Tokenized real-world assets (RWA) are expected to reach $50 billion to $60 billion in 2026, according to a report from blockchain oracle platform RedStone.
The market has already grown from $5 billion at the end of 2023 to more than $35 billion today, with financial institutions increasingly interested in on-chain private credit, tokenized U.S. Treasuries, and tokenized equities. Private credit is currently the largest category at around $19 billion and is expected to account for around 45-50% of the RWA market next year, according to the report.
However, tokenized stocks are expected to grow the fastest, with growth of 200-300% expected after US regulatory rules become clearer in mid-2026. Strong growth is also expected in the current $8.4 billion of tokenized U.S. Treasuries, including BlackRock’s $2.5 billion BUIDL fund.
Still, RedStone analysts emphasized that this growth depends on reliable infrastructure.
“Tokenization of RWA creates unprecedented data challenges. Traditional cryptocurrency price feeds are updated every few seconds based on liquid DEX markets and CEX order books,” says the report, authored by RedStone co-founder Marcin Kazmierczak. “Tokenized private credit requires NAV calculations for illiquid assets, illiquidity adjustments, third-party valuation verification, and compliance-grade audit trails.”
Other predictions
RedStone also predicts that AI agents will become the primary users of on-chain data by 2026, with the AI agent market reaching more than $15 billion.
“AI agents do not sleep, do not panic, and work across dozens of chains simultaneously,” Kazmierczak wrote. “They need sub-millisecond latencies, multi-chain data availability, confidence intervals for advanced risk management, and most importantly, zero mispricing tolerance.”

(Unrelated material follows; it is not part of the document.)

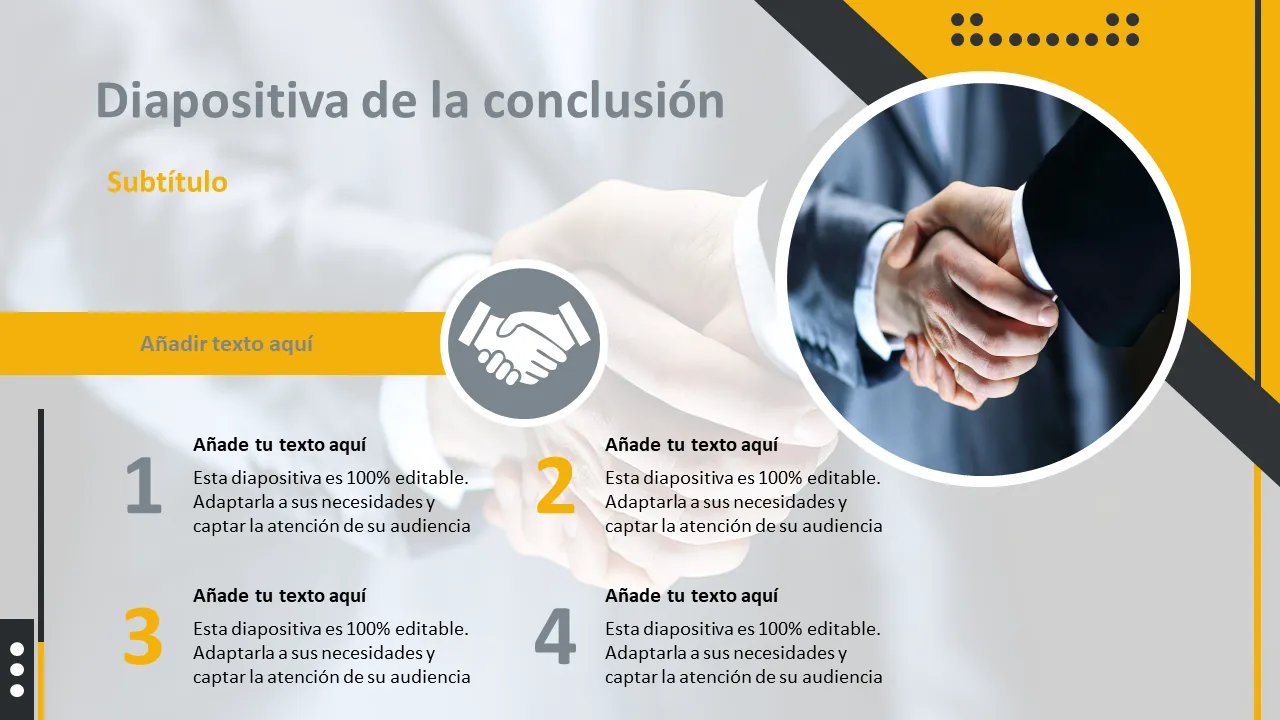 Una plantilla de diapositiva de conclusión limpia y profesional diseñada para presentaciones comerciales. Perfecto para resumir puntos clave, impulsar la acción y dejar una impresión duradera. Descargar ahora.

Furthermore, the total amount locked in decentralized finance (DeFi) is expected to increase from $124 billion currently to $150 billion to $200 billion in 2026, but only platforms with strong oracles and risk oversight will attract institutional capital, the report notes.
RedStone says the success of any protocol will depend on the quality of the infrastructure. The company cited the Oct. 10 flash crash, in which $20 billion was liquidated in 24 hours, to illustrate how vulnerable some of its systems are.